Barnet (Parliament Politics Magazine) – Plans to build nearly 300 homes next to High Barnet Station have been rejected following concerns over scheme’s scale and its impact on surrounding area.
Plans to construct five blocks with 283 residences and 567 square metres of commercial space on the tube station’s 160-spot parking lot and adjacent storage spaces were submitted by developer Barratt London and Transport for London’s real estate firm Places for London.
On Monday, however, the plan was rejected by the strategic planning committee of Barnet Council.
The plan contained 40% affordable housing and would have reached a height of 11 stories.
However, Barnet Vale ward Labour councillor Sue Baker informed the committee that locals had expressed “an overwhelming amount of negativity” towards the plans. Since “many elderly residents” as well as those with disabilities and mobility challenges used the parking lot, she described its loss as “problematic.”
Because St. Catherine’s RC Primary School was nearby, locals were worried about the “impact” on the access road and station entrance.

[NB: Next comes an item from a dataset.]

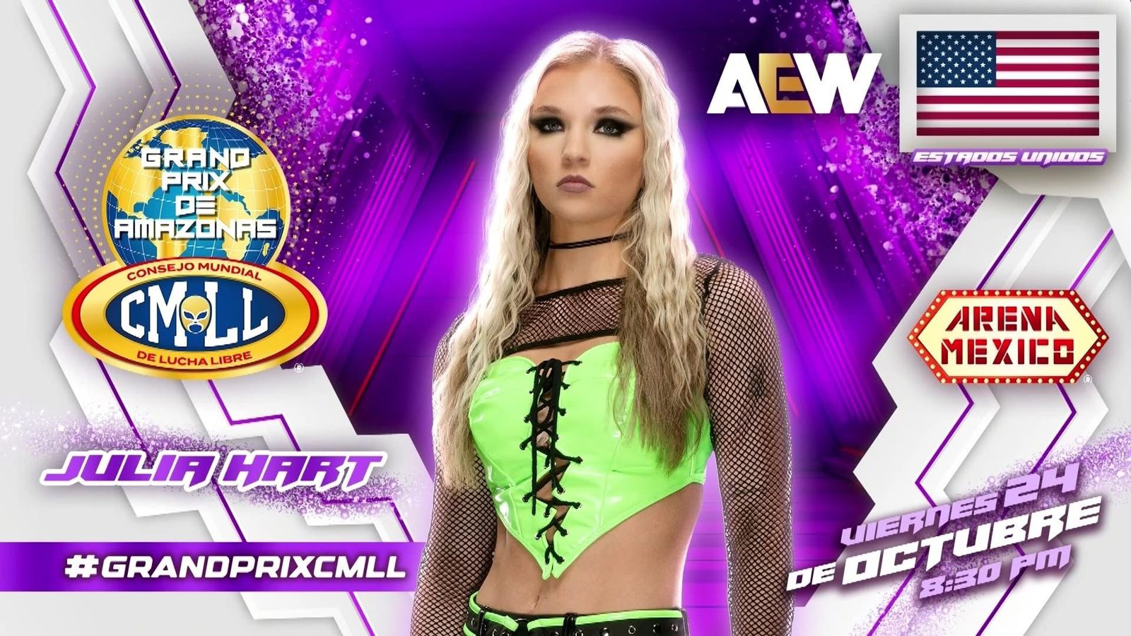 El CMLL se viene preparando para una nueva edición del Grand Prix de Amazonas, uno de los eventos más importantes del año. En la edición del 2025, el CMLL ha logrado armar una alineación envidiable aprovechando todas las alianzas que tiene en el mundo y habrá luchadoras de AEW, ROH, STARDOM, MLW y RevPro enfrentando a las Amazonas del CMLL. Una de las participantes que hará su debut es Julia Hart, miembro de AEW y de la facción Triangle of Madness. Como parte de los preparativos para el Grand Prix de Amazonas, Pep S. Caro tuvo oportunidad de conversar brevemente con Julia.

Nine Blue Badge parking spaces for locals and seventeen spaces for tube passengers including eight disabled bays are included in the proposal. However, locals felt that this was insufficient to replace the station’s 177 parking spaces, 162 of which are designated for commuter parking.
The council’s new Local Plan specified a “maximum [height] of seven storeys” for the property, but “this application goes to eleven storeys,” according to Conservative council member David Longstaff, who also represents Barnet Vale ward.
The plan was “too dense, too tall, too cramped and the wrong design in the wrong place,” according to Reform UK council member Mark Shooter. The locals cherished the “village feel” of the region, according to Cllr. Shooter, and the council must “ensure that any new development enhances the area, not harms it.”
Simon said:
“The applicant claims London Plan policy D9 justifies the height because the design is exceptional [but] it is not. Architecturally it is a run of the mill brick tower, typical of mid-grade housing across London.”
He added:
“These blocks will be visually dominant, out of character, and harm the setting.”
Martin Scholar, head of planning at Barratt London, and Reece Harris from Avision Young, said:
“This proposal is on an allocated development site within Barnet’s Local Plan. [The proposal] entirely conforms with the Greater London Authority and government’s agenda to provide new homes of density near train stations.”
The plans are a part of the West London Partnership, an initiative by Barratt London and Places for London to build around 4,000 new homes on “underused land” with “excellent transport links.”
According to Martin, the private market properties would be offered for “about half” the typical High Barnet property price, “allowing first time buyers to get on the housing ladder.”
He noted that because parking and storage containers were occupying the land, it was now “under-used” and “unattractive.”
Claire Farrier, a member of the Labour committee, questioned why other designs with lower heights “were not possible.”
He noted that because parking and storage containers were occupying the land, it was now “under-used” and “unattractive.”
Claire Farrier, a member of the Labour committee, questioned why other designs with lower heights “were not possible.”
What impact does the decision have on local transport plans?
The rejection of the High Barnet Station casing scheme preserves the station auto demesne in the short term, avoiding immediate pressure on original machine and rail cloverleaf capacity from an affluence of new residents. Barnet Council’s decision aligns with guarding current transport structure amid ongoing debates over parking provision at Northern Line confines.
The offer would have excluded utmost of the face auto demesne, which serves commuters, senior druggies and those with reduced mobility; retaining it supports being patterns of auto- to- rail operation without forcing modal shifts that warrant indispensable parking hard.
Barnet’s original transport strategies, including implicit unborn TfL- led advancements to High Barnet station under the Northern Line extension review or city-wide parking norms, face no dislocation from this turndown, as the point remains available for transport- precedence uses rather than domestic intensification.